Constituency details
- Country: India
- Region: Northeast India
- State: Assam
- District: Darrang
- Lok Sabha constituency: Darrang–Udalguri
- Established: 1957
- Reservation: None

Member of Legislative Assembly
- 16th Assam Legislative Assembly
- Incumbent Mazibur Rahman
- Party: All India United Democratic Front
- Elected year: 2026

= Dalgaon Assembly constituency =

Constituency of the Assam legislative assembly in India

Dalgaon Assembly constituency is one of 126 assembly constituencies of the Assam Legislative Assembly.
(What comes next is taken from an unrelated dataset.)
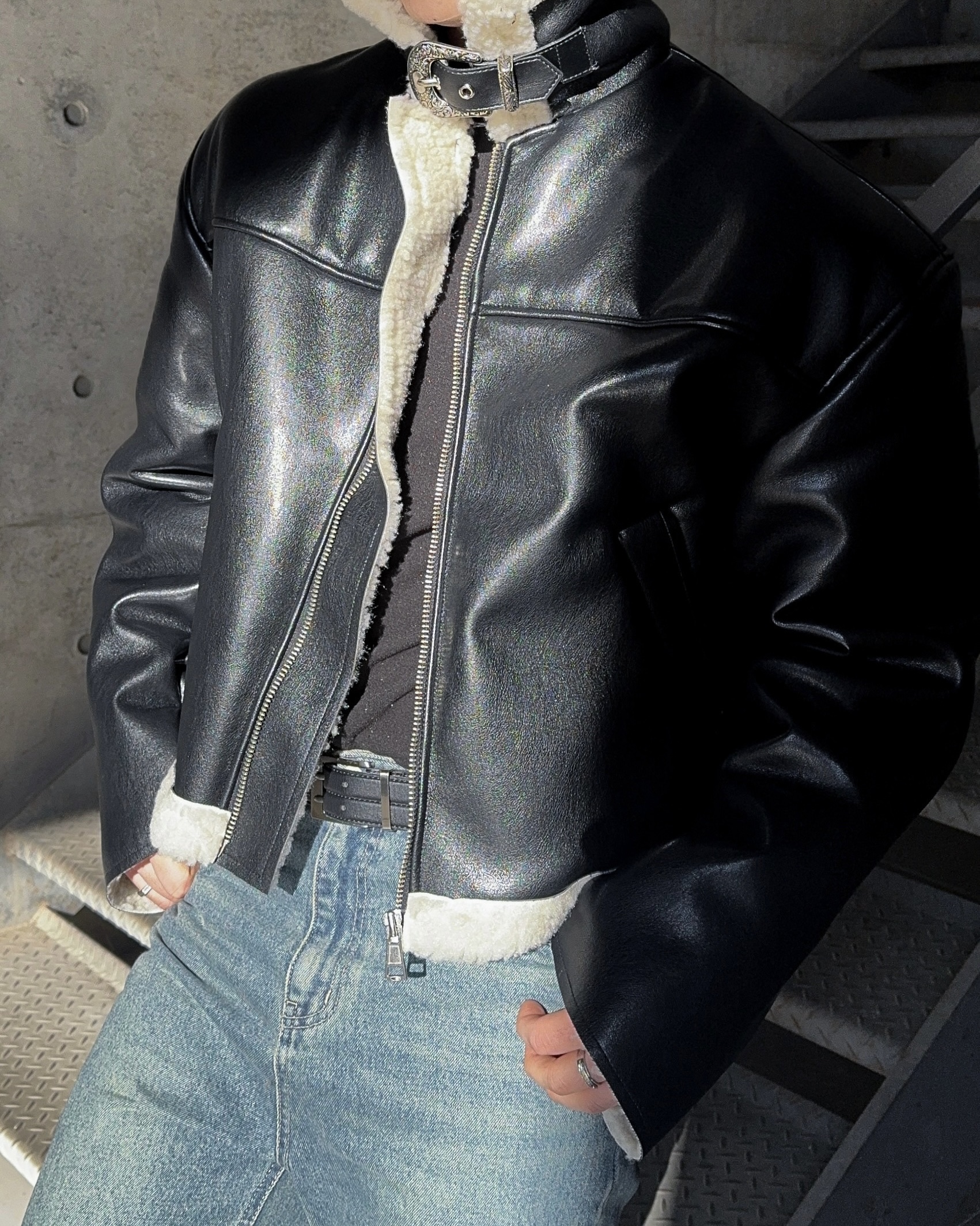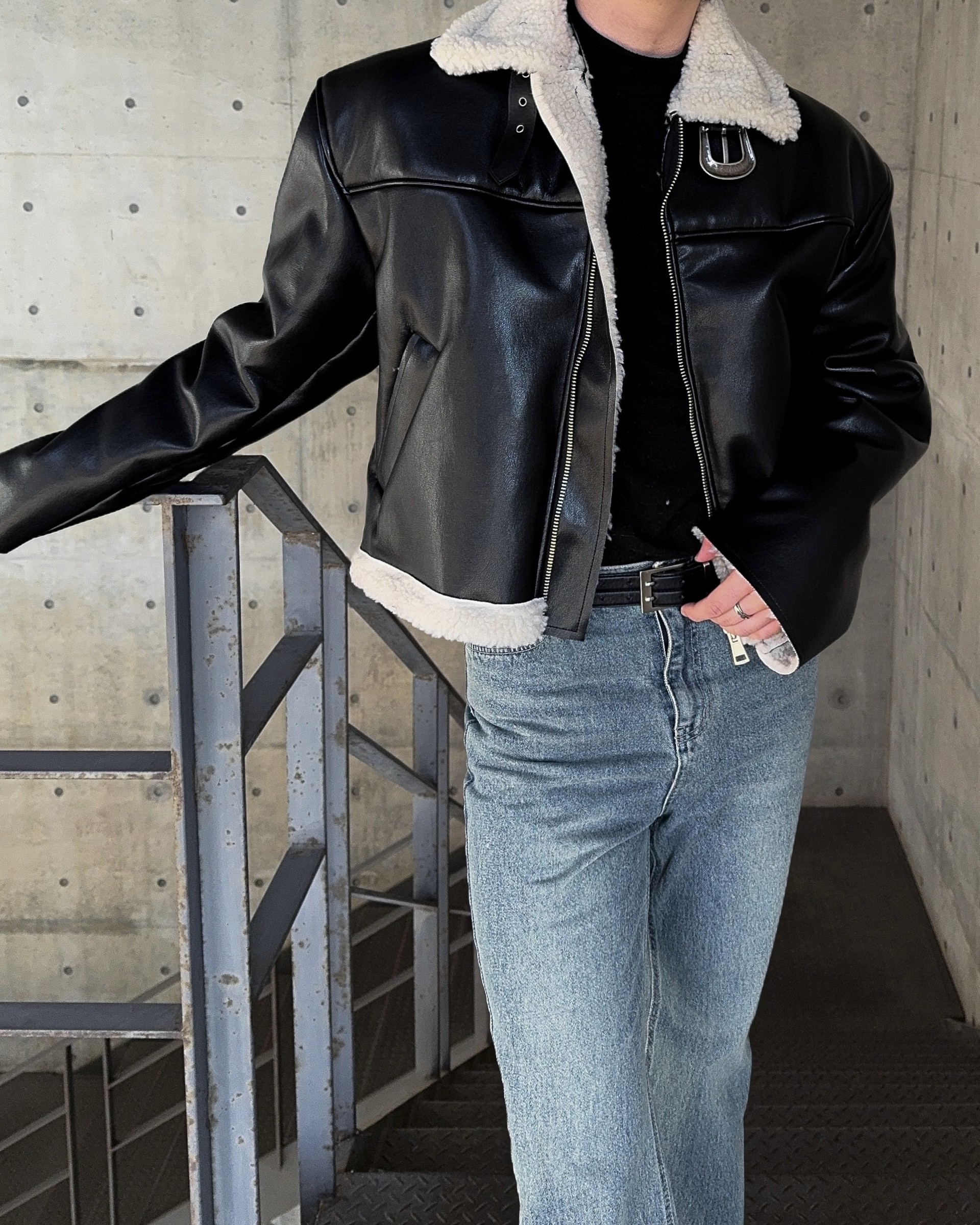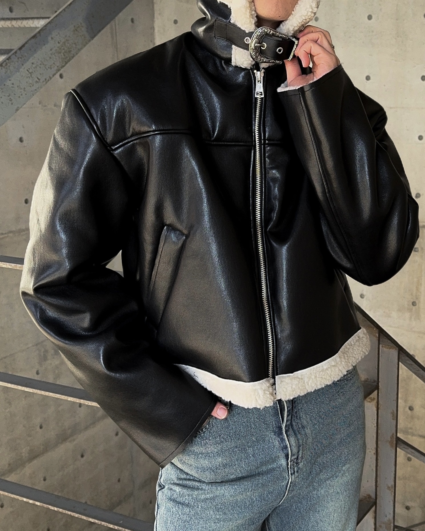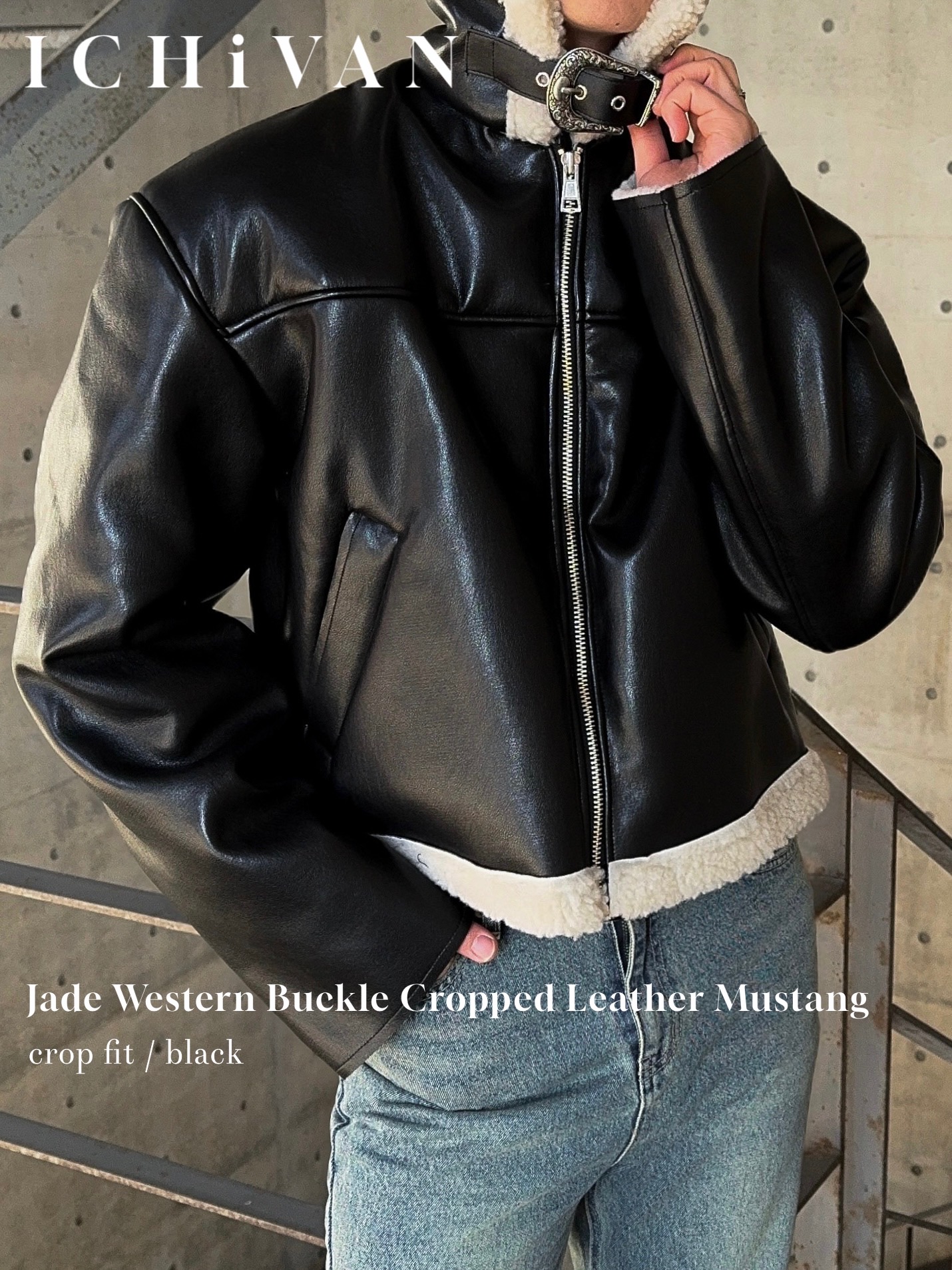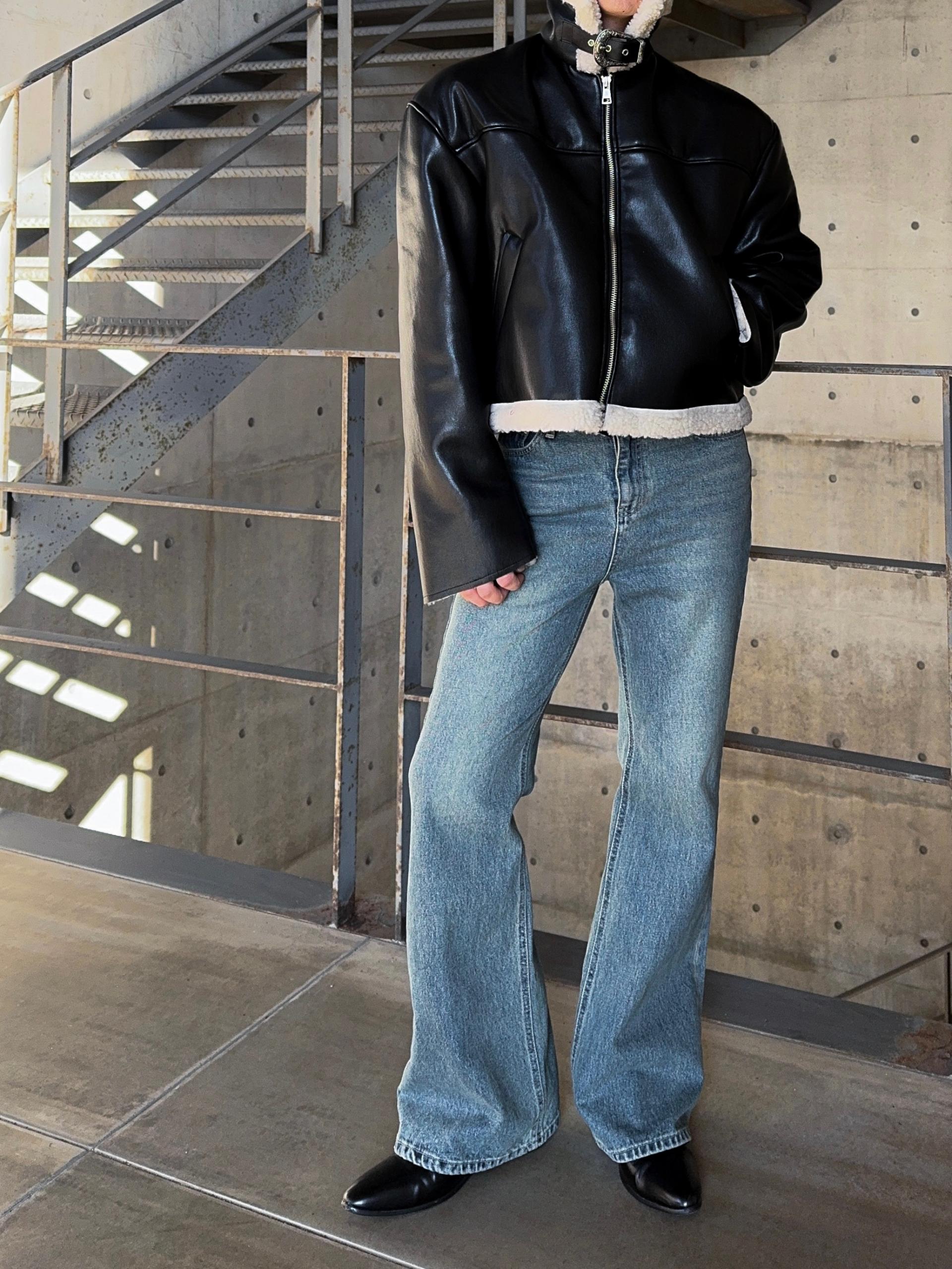 -은은한 광택감이 도는 레더 소재로 제작된 크롭 무스탕

Dalgaon is part of the Darrang–Udalguri Lok Sabha constituency.

==Details==

- Country: India.
- State: Assam.
- District: Darrang district.
- Lok Sabha Constituency: Darrang–Udalguri Lok Sabha constituency.
- Area Includes: Bechimari Dev. Block, Dalgaon- Sialmari Dev. Block, Kalaigaon Dev. Block.(Part), Pachim Mangaldai Dev. Block (Part), Pub Mangaldai Dev. Block (Part).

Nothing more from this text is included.